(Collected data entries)
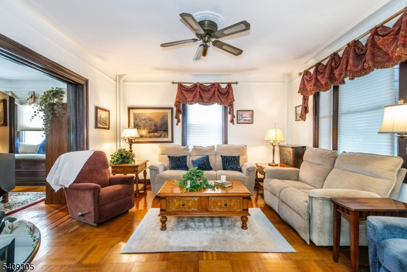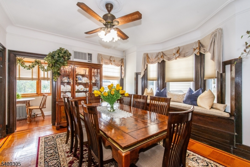 Pretty as a picture, this well-maintained 4-Bedroom, 2 Bath single family home in the desirable Woodcliff section of North Bergen boasts pride of ownership! A comfy 3-season sunroom welcomes you, the perfect place to enjoy your morning coffee. Enter the hallway to the living room and dining room w. window seat and tiled gas fireplace. Architectural details like stained glass, high ceilings, crown moldings and original parquet floors give a feeling of warmth and character. The cheerful white kitchen, updated in 2021, is bright and functional with quartz countertops, two pantries, and a cozy breakfast nook overlooking the lovely yard. Up to the second floor for 4 nice-sized bedrooms and a gorgeous new bathroom! The 3rd floor has finishable space- in fact, housed a bedroom and office at one time- and plenty of storage. Basement has a full bath w shower, and a family room, currently being used as a home gym. The backyard is fully fenced in- an urban oasis with paver patio, mature plantings and a storybook shed. Off-street parking for 3 cars! Fantastic walkable location: 2 blocks to beautiful James Braddock Park- 167 acres of green space bliss! 2 blocks to restaurants & shopping on Bergenline; 2 blocks to Boulevard East. Easy commute to NYC by bus or ferry.... This gem has it all!
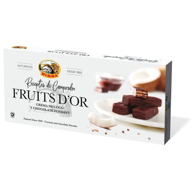 Galletas Birba Fruits d'Or con crema de coco y chocolate fondant, en caja de 145g. Recetas tradicionales desde 1893, con un sabor exquisito y textura cremosa. Ideal para disfrutar como tentempié o regalo gourmet. Embalaje elegante con diseño de productos naturales.
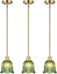 Modern Gold Pendant Light 3 Pack Brushed Brass Mid Century Chandelier Green Glass Shades Adjustable Rods Farmhouse Ceiling Hanging Lighting Fixture Kitchen Island Dining Room Bedroom
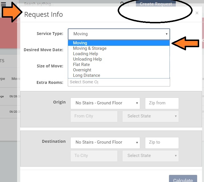 On Origin and Destination, you choose the zip codes and additional information. (Is there an elevator or not? )
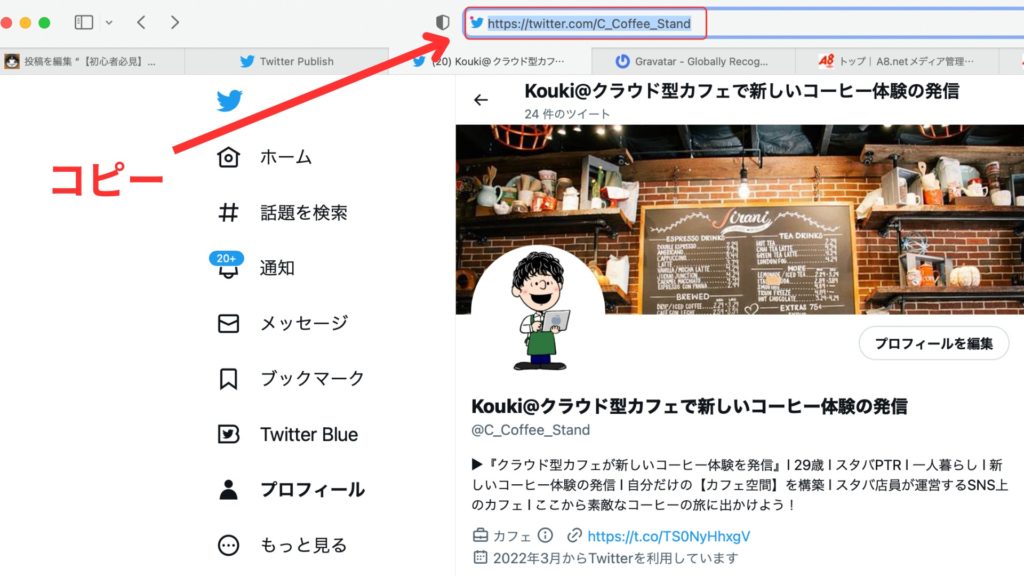 まず「Twitter Publish」にアクセスします。そして自分のTwitterのプロフィールをブラウザから開いて、URLをコピーしてください。
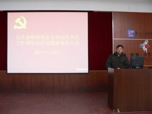 2011年1月13日下午,公共基础部党总支部召开创先争优工作领导点评大会?;嵋橛傻匙苤榧墙咨鞒?,学院创先争优活动领导小组联系点领导、院党委委员熊文华副院长和全体党员教师出席了会议。
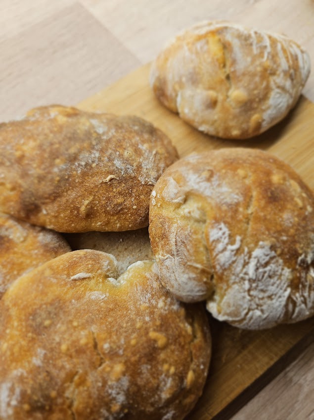 Ha deigen ut på en godt melet kjøkkenbenk, og del den i 8 like store stykker. Jobb så lite som mulig med deigen, og form de til firkantete former som mulig. legg de på et stekebrett og la de heve i ca 60 minutter. dekk til med et klede. Stek de midt i ovn på 225 gr. i 20 minutter. Avkjøles på rist.
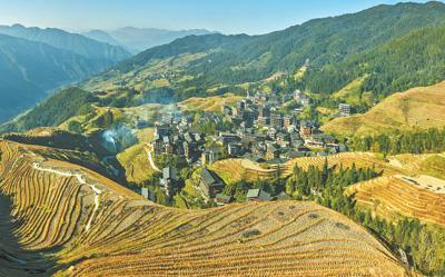在龙脊山下的大寨村,山村梯田把山寨层层围揽,小山上新建的楼房藏在了林中。一道溪水从村中穿过,马路从村中心斜伸向山上。两旁的木楼檐下红灯笼悬挂,都是餐馆、客栈、酒店、民宿,太阳能路灯沿街竖立。村委会门前的平坝上一片金黄,那是村民摊开一张张竹席在晾晒稻谷。
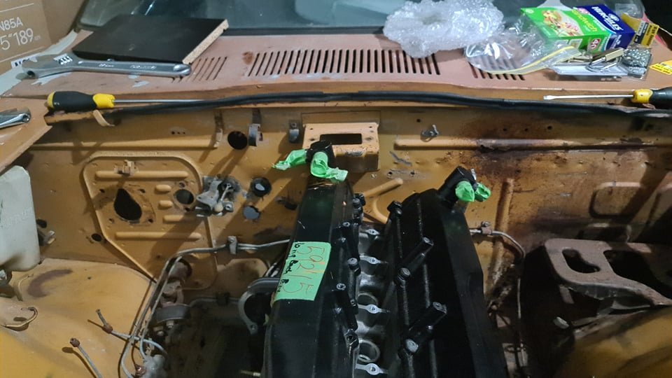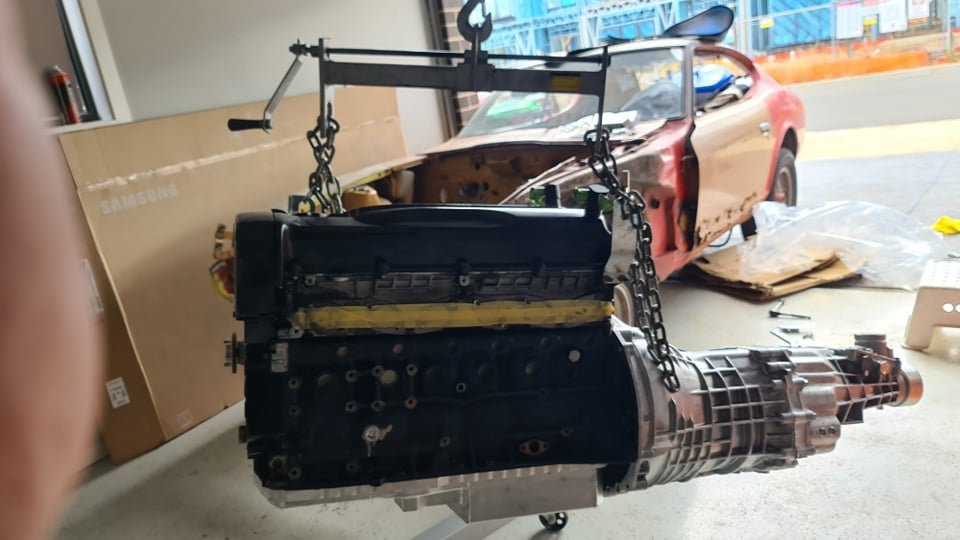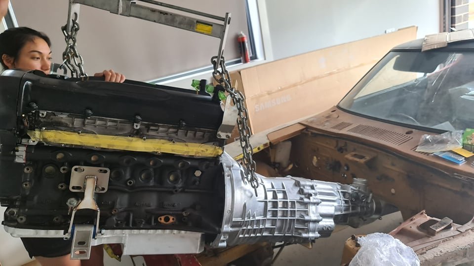 Hi all, Just thought I would share. I last year bought a rusted 1970 240z roller they had also came with an L28 that was mated to i think a 4spd Auto. I had always planned to go down an RB route but couldnt get started till now. So here I am now So anyways, Ive got a bit of a project a head of me but prior to placing it onto rotisserie and sending it off to the blasters, I wanted to mock fit the RB26 and new r34 GTT Gearbox into the car first to see how everything fits and check if anything needed to be modified within the tunnel as I was told engineers could become quiet difficult and picky once the tunnel has been modified. RB needs to come back out anyways as i will require a rebuild. I purchased the swap kit from CX Racing. LINK: https://www.cxracing.com/ESK-OP-RB26-240Z - Oil Pan - Oil Pick Up - Engine Mounts - Transmission Mount So everything arrived by the 2nd week of January (mainly waiting on the RB from Japan). First off, L28 engine+ Auto comes out. The original oil pan bolts are too short to fit through the new oil pan. Ive got some M6 x 30mm bolts to mock fit the sump on. Then i mated the tranmission to the RB (Sandwich plate is not installed as I dont have one yet but im only mock fitting for now) I noticed, there is still a small opening between at the bottom behind the oil pan into the bell housing. The original oil sump covered this area. Not sure on what to do here, either I make something to cover it up or look for a bracket. If anyone knows or can point me to the right direction that would be great! Anyways, engine mount goes on. Left side Right Side Also note. The original oil dip stick will need to be relocated as the oil pan is now towards the rear. Here we goo!! (Got the wife helping ) I gotta admit, this took me some time to get it all in, aligned and mounted properly. Had to rest it on stands, adjust the chains and rotate it every so often to get it in place. Left side Right Side Underneath From the front I do have concerns at the top where cam breathers are. Not sure if the bonnet would latch and shut properly so I'll give that a go over the weekend. I might still be able to rejig the engine around as I have fully secured it all down yet. Transmission mount plate with Nismo gearbox mount. It mounts directly up to the orginal braced mounting locations which is perfect for me So yeah... that its from me for now. It will come back out very soon for sand blasting, panel work and paint. If anyone has any pointers or things to look out for that would be greatly appreciated. P.S experiences with engineering an RB in NSW would be greatly appreciated too! Cheers! Tim
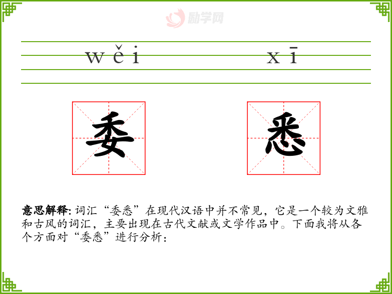 词汇“委悉”在现代汉语中并不常见,它是一个较为文雅和古风的词汇,主要出现在古代文献或文学作品中。下面我将从各个方面对“委悉”进行分析:
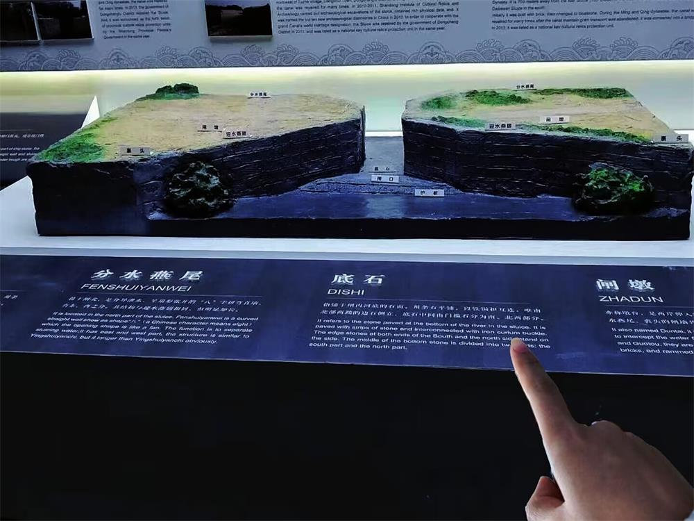 實踐隊員進入博物館,映入眼簾的便是一艘木帆船,腳下是透明的玻璃,近看發現坡璃下還流著清澈的水,四周映射出五顧方色的燈光,仿佛置身在大運河中。處在大廳正中央,是一座生動形象的聊城水城水系電子互動沙盤。實踐隊員乘電梯到博物館四層,才可把沙盤風景盡收眼底,藍水綠地,有運河流過的地方到處都是蒼翠欲滴。再一次詮釋了“運河成就聊城”的佳話。博物館共分為三個展廳,分別為“史前時期展廳”“商周秦漢-魏晉隋唐展廳”“宋遼金元-近現代展廳”,其中陳列著國家一級文物有磨喝樂宋代陶模、宋金線紋罐以及金鶴壁窯黑釉雙系凸線紋罐、漢羊首陶瓶、金龍泉窯瓷香爐、清釋迦摩尼佛、清圓雕白玉臥馬等文物,這都得益于城鎮建設與運河開發保護。
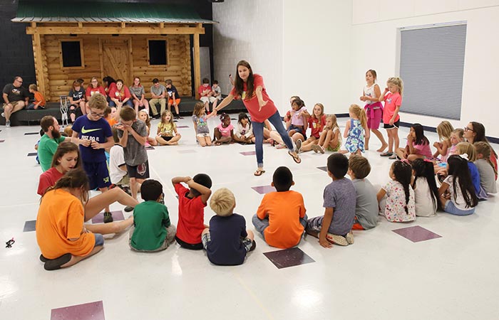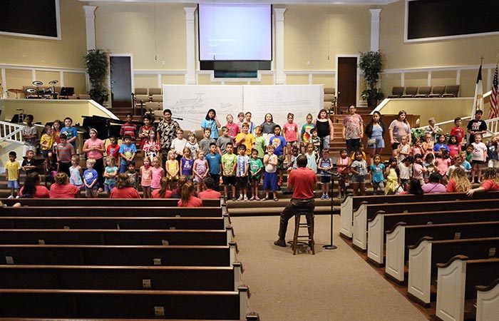 Dave Hankins leads children in practice for the musical they presented Thursday evening (July 20). Parents and friends were invited to attend the musical which was the culmination two weeks of Camp Journey, The camp was sponsored by Beaver Dam Baptist Church and used volunteers from the church and others, including a team from the Tennessee Baptist Mission Board.

Work request
Repeat only the stretch of data above that runs from the line with "On Origin and" to the line with "在龙脊山下的大寨村,山村梯田". Keep both end lines; exclude pictures.

Your solution
 On Origin and Destination, you choose the zip codes and additional information. (Is there an elevator or not? )
 まず「Twitter Publish」にアクセスします。そして自分のTwitterのプロフィールをブラウザから開いて、URLをコピーしてください。
 2011年1月13日下午,公共基础部党总支部召开创先争优工作领导点评大会?;嵋橛傻匙苤榧墙咨鞒?,学院创先争优活动领导小组联系点领导、院党委委员熊文华副院长和全体党员教师出席了会议。
 Ha deigen ut på en godt melet kjøkkenbenk, og del den i 8 like store stykker. Jobb så lite som mulig med deigen, og form de til firkantete former som mulig. legg de på et stekebrett og la de heve i ca 60 minutter. dekk til med et klede. Stek de midt i ovn på 225 gr. i 20 minutter. Avkjøles på rist.
在龙脊山下的大寨村,山村梯田把山寨层层围揽,小山上新建的楼房藏在了林中。一道溪水从村中穿过,马路从村中心斜伸向山上。两旁的木楼檐下红灯笼悬挂,都是餐馆、客栈、酒店、民宿,太阳能路灯沿街竖立。村委会门前的平坝上一片金黄,那是村民摊开一张张竹席在晾晒稻谷。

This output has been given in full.